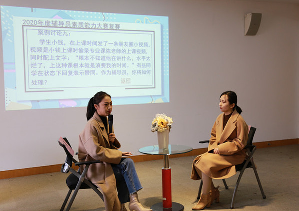 12月10日,我校2020年度辅导员素质能力大赛复赛举办。大赛由党委副书记王玉、学工部部长杨瑾、社科部副主任龙燕、学工部副部长王莉娜担任评委,各二级学院学工办公室主任及全体辅导员观摩比赛。
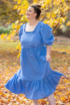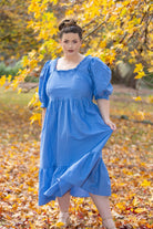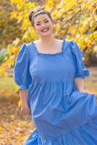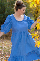 PLUS SIZE and ALL SIZES ramie linen blend smock style midi dress in gorgeous periwinkle blue colour overlaid with a white check pattern.
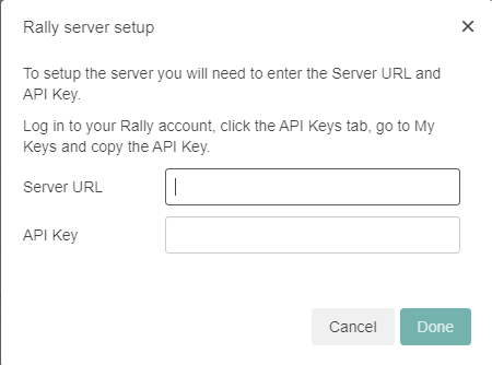 3. Click on the Rally server Set up server button and in the dialog that opens, enter your Rally server URL and API Key, then click the Done button.
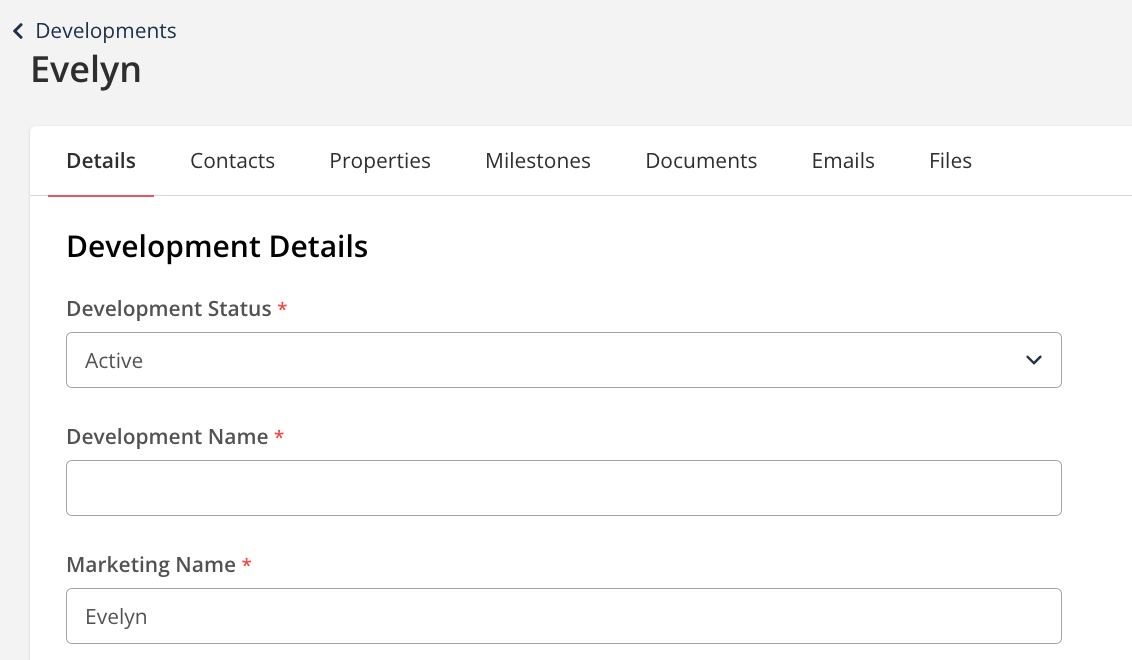 The profile page of a development allows users to manage property details and create overrides for existing templates.
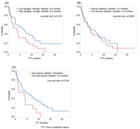 Comparison of time to treatment failure (TTF) according to the evaluation of handgrip strength, skeletal muscle, or sarcopenia. (A) Patients with low handgrip strength tended to discontinue the treatment than those with high handgrip strength (median TTF: low handgrip strength group, 3.6 months; high handgrip strength group, 6.2 months; p = 0.120). (B) No significant difference was found between patients with and without muscle depletion (p = 0.683). (C) Patients with sarcopenia showed significantly worse TTF than those without sarcopenia (median TTF: sarcopenia group, 3.6 months; non-sarcopenia group, 5.3 months; p = 0.036).
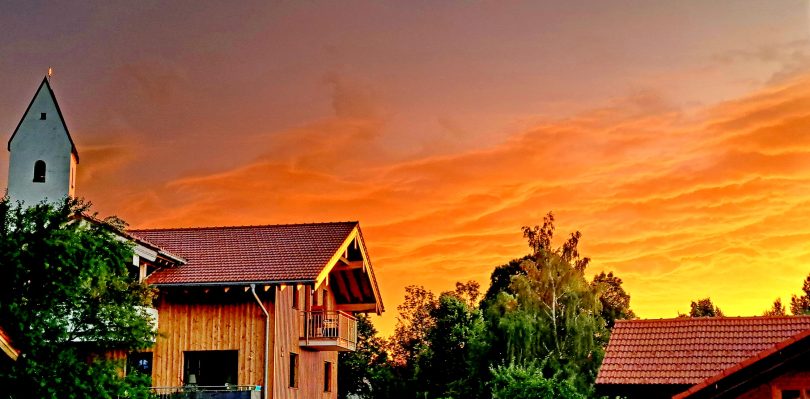 Eine mächtige Gewitterstimmung war am Freitagabend über Grainbach und über dem Samerberg zu sehen – wie diese Aufnahme mit der Grainbacher Kirche und schier brennenden Wolken zeigen.
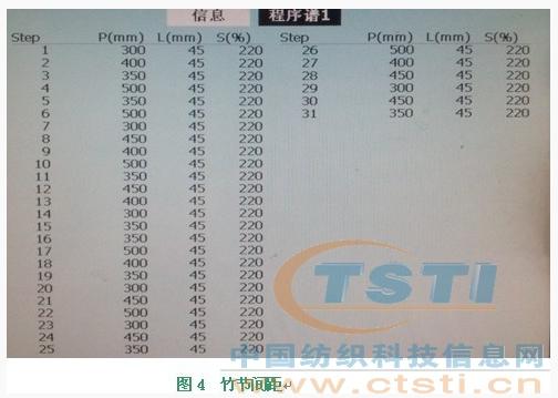 c.根據(jù)竹節(jié)紗的基本要求和質(zhì)量特性,首先要保證細紗機處于良好的運行狀態(tài),對于牽伸機構(gòu),要保證加壓穩(wěn)定,膠輥、膠圈、上銷無打頓,網(wǎng)格圈表面及異形管吸風口無積花,網(wǎng)格圈無破損、跑偏,對于卷繞加捻部件必須做到鋼領(lǐng)、錠子、導紗鉤的同心,盡可能降低卷繞過程中的張力波動。加強錠盤、錠帶的維護,減少因弱捻因素造成的捻度差異。
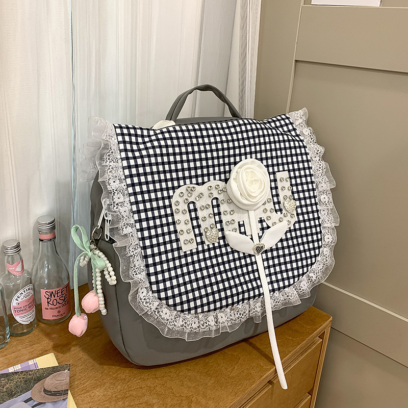 귀여운 만화 소녀 작은 배낭 학생 가방 격자 무늬 배낭 레이스 장식 여름 도파민 여성 핸드백
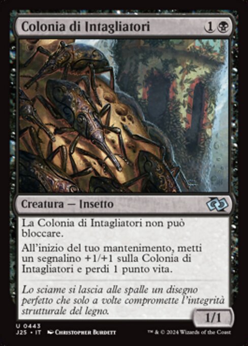 |  Variations— Parts— | Colonia de ornamentadores1 / 1 La Colonia de ornamentadores no puede bloquear. Al comienzo de tu mantenimiento, pon un contador +1/+1 sobre la Colonia de ornamentadores y pierdes 1 vida.
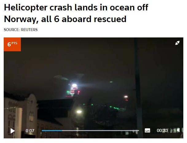 中新網(wǎng)2月29日電 據(jù)路透社報道,當?shù)貢r間28日,挪威聯(lián)合救援協(xié)調(diào)中心稱,一架載有6人的直升機在挪威西部海岸附近海域墜毀,機上所有人員隨后被從海中救起。

About this exercise: Write out, word for word, only the lines from the one containing "The profile page" to the end of the data above; the pictures stay out.

Exercise output:
 The profile page of a development allows users to manage property details and create overrides for existing templates.
 Comparison of time to treatment failure (TTF) according to the evaluation of handgrip strength, skeletal muscle, or sarcopenia. (A) Patients with low handgrip strength tended to discontinue the treatment than those with high handgrip strength (median TTF: low handgrip strength group, 3.6 months; high handgrip strength group, 6.2 months; p = 0.120). (B) No significant difference was found between patients with and without muscle depletion (p = 0.683). (C) Patients with sarcopenia showed significantly worse TTF than those without sarcopenia (median TTF: sarcopenia group, 3.6 months; non-sarcopenia group, 5.3 months; p = 0.036).
 Eine mächtige Gewitterstimmung war am Freitagabend über Grainbach und über dem Samerberg zu sehen – wie diese Aufnahme mit der Grainbacher Kirche und schier brennenden Wolken zeigen.
 c.根據(jù)竹節(jié)紗的基本要求和質(zhì)量特性,首先要保證細紗機處于良好的運行狀態(tài),對于牽伸機構(gòu),要保證加壓穩(wěn)定,膠輥、膠圈、上銷無打頓,網(wǎng)格圈表面及異形管吸風口無積花,網(wǎng)格圈無破損、跑偏,對于卷繞加捻部件必須做到鋼領(lǐng)、錠子、導紗鉤的同心,盡可能降低卷繞過程中的張力波動。加強錠盤、錠帶的維護,減少因弱捻因素造成的捻度差異。
 귀여운 만화 소녀 작은 배낭 학생 가방 격자 무늬 배낭 레이스 장식 여름 도파민 여성 핸드백
 |  Variations— Parts— | Colonia de ornamentadores1 / 1 La Colonia de ornamentadores no puede bloquear. Al comienzo de tu mantenimiento, pon un contador +1/+1 sobre la Colonia de ornamentadores y pierdes 1 vida.
 中新網(wǎng)2月29日電 據(jù)路透社報道,當?shù)貢r間28日,挪威聯(lián)合救援協(xié)調(diào)中心稱,一架載有6人的直升機在挪威西部海岸附近海域墜毀,機上所有人員隨后被從海中救起。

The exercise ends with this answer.